Levi Strauss

Celebrating Immigrant Heritage at Levi Strauss & Co.

Tracey Panek, LS&Co. Historian
Levi Strauss & Co.
June 29, 2020

June is Immigrant Heritage Month and to celebrate, here are a few stories of immigrants who shaped our company and molded an iconic American brand. From founder Levi Strauss to those who adopted the brand as new Americans, immigrants have played a key role throughout our history.

Two immigrants create an American Icon

Born in Buttenheim, Bavaria, in 1829, Levi Strauss fled today’s Germany bound for New York for a new life and new possibilities. As the youngest son in a Jewish family, Levi had grown up in a climate of restrictions and prejudice. America offered the freedom to dream big and build a legacy. Arriving in the 1840s, he changed his name from Loeb to Levi and just one month before heading West, became an official American citizen.

Young Levi was likely primed for adventure when he hopped on the steamer bound for Panama, then trekked by land across the isthmus and boarded another steamer sailing north to the shores of the California Gold Rush. He arrived on a rainy March day in 1853 and soon set up a dry goods wholesale business on San Francisco’s waterfront under his own name —Levi Strauss & Co.

Within two decades, Levi had established up a successful business by making connections with retailers throughout the West. He also became a respected civic leader and philanthropist. In the 1870s, he even worked as part of the California Immigrant Union.

Almost 20 years after Levi set foot in San Francisco, a letter arrived at Levi Strauss & Co. with an intriguing proposal. Tailor Jacob Davis, a customer in Reno, Nevada, ordered some supplies and described a tiny innovation in sewing men’s trousers—adding rivets to the pocket openings.

Like Levi, Jacob was an immigrant only two years younger than our founder. Born Jacob Youphes in Riga, Latvia in 1831, he traveled to America in 1854, changed his surname to Davis, and opened tailor shops in New York and Maine before settling in the West.

Jacob was operating a tailor shop in Reno, Nevada in 1871 when a woman asked him to sew pants for her husband, making them as strong as possible. Davis had some copper rivets in his shop, which he used to attach straps to the horse blankets he made for local teamsters.  He thought it might be a good idea to fasten the pockets with the same rivets. The pants were an immediate success—so he wrote to Levi with his pitch. The rest is history.

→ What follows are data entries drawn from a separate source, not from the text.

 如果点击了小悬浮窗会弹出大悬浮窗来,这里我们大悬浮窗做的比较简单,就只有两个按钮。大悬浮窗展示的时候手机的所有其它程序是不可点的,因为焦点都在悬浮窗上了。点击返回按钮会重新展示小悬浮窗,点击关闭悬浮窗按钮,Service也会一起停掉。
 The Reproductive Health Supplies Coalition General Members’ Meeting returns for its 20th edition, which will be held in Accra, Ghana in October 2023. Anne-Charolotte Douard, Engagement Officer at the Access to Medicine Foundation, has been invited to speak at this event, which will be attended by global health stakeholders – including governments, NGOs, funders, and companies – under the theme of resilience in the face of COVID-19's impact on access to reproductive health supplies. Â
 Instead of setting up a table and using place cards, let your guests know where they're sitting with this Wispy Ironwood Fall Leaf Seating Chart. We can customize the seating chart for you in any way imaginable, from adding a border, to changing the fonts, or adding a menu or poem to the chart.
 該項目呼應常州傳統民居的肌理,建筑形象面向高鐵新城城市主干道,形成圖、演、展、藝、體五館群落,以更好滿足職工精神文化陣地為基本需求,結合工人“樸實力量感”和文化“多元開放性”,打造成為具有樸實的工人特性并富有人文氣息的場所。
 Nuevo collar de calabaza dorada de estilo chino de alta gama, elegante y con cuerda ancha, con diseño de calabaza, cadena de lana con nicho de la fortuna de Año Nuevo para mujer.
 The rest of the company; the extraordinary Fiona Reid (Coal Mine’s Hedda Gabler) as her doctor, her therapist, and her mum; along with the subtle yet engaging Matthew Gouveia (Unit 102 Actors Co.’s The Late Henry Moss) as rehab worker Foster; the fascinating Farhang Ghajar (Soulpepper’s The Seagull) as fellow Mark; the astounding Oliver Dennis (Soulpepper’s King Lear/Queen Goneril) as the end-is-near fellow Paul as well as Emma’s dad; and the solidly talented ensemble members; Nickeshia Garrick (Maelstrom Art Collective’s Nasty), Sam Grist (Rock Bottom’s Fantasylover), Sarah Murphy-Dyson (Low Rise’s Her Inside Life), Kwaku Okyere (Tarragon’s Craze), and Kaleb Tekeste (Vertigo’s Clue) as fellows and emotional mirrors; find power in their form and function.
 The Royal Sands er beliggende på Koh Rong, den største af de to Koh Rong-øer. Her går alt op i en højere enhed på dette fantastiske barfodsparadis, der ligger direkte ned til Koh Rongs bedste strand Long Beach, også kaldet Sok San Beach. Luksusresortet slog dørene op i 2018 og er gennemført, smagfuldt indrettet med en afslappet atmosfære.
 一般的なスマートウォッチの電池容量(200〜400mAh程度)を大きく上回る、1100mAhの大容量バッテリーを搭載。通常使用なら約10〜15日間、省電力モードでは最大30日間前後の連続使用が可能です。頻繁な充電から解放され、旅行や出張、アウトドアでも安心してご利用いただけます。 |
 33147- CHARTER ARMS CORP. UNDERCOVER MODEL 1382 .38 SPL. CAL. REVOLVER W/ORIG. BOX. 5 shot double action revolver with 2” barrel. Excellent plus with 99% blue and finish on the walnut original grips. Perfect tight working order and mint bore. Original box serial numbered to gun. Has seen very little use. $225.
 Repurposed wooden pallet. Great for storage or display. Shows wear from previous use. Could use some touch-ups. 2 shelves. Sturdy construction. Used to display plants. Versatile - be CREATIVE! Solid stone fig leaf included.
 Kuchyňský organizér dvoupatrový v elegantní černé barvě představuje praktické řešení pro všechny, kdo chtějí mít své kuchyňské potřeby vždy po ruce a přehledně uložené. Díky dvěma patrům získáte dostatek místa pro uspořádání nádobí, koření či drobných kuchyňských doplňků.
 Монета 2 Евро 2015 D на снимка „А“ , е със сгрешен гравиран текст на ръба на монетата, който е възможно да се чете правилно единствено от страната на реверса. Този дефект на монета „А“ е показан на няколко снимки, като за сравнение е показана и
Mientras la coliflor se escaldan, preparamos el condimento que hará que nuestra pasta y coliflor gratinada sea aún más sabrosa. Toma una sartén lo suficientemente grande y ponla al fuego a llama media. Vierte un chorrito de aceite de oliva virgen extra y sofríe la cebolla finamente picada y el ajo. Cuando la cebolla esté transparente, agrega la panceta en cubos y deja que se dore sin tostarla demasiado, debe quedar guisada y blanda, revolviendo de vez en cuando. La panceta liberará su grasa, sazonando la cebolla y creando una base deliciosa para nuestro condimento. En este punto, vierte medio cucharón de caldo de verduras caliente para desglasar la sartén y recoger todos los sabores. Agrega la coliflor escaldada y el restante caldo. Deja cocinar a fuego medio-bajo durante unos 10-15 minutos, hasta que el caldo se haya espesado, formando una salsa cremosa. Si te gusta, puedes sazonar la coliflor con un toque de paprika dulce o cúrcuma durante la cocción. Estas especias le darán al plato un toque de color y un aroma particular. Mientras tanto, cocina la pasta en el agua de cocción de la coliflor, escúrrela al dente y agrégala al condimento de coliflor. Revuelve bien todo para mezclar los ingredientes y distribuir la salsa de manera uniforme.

The immigrant women behind the seams

Jacob Davis managed the Levi Strauss & Co. plant in San Francisco, which became a hub for many immigrants arriving in the United States along the Pacific Coast. Among these early immigrants was young Masilia Foppiano, who arrived from Italy. Masilia was hired by Levi Strauss & Co. as a seamstress. She was so skilled at her work that she was among a small group selected to sew Koveralls—one-piece denim children’s suits—at the Panama Pacific International Exposition in San Francisco in 1915. Around 1917, Masilia met and married her sweetheart and settled in Sonoma, north of the city. Masilia’s family remains in Sonoma to this day, more than 100 years from when they first settled there, and her legacy lives on at Levi Strauss & Co. – her great granddaughter Katy Todd currently works at our Levi Strauss & Co. headquarters.

Like Masilia, Annie Heinzer’s skills prepared her for work when she immigrated to San Francisco in 1923. Levi Strauss & Co. soon hired Annie as a sewing machine operator at the Valencia Street factory. “I worked five days a week, 8 am to 4:30pm,” she shared in an oral history interview. “I earned $1.65 a day.”

Annie sewed pockets for seven years until her husband, a stevedore on the city’s waterfront, died unexpectedly. With her financial survival resting on her shoulders, she continued improving her skills, attending night school after work.

Annie’s efforts eventually paid off when she was promoted to assistant forelady. She supervised 125 women on an assembly, 30 girls in a line, each constructing a piece. “Every nationality worked at the factory,” she recalled of her time with the company, a nod to the immigrant community that found employment here.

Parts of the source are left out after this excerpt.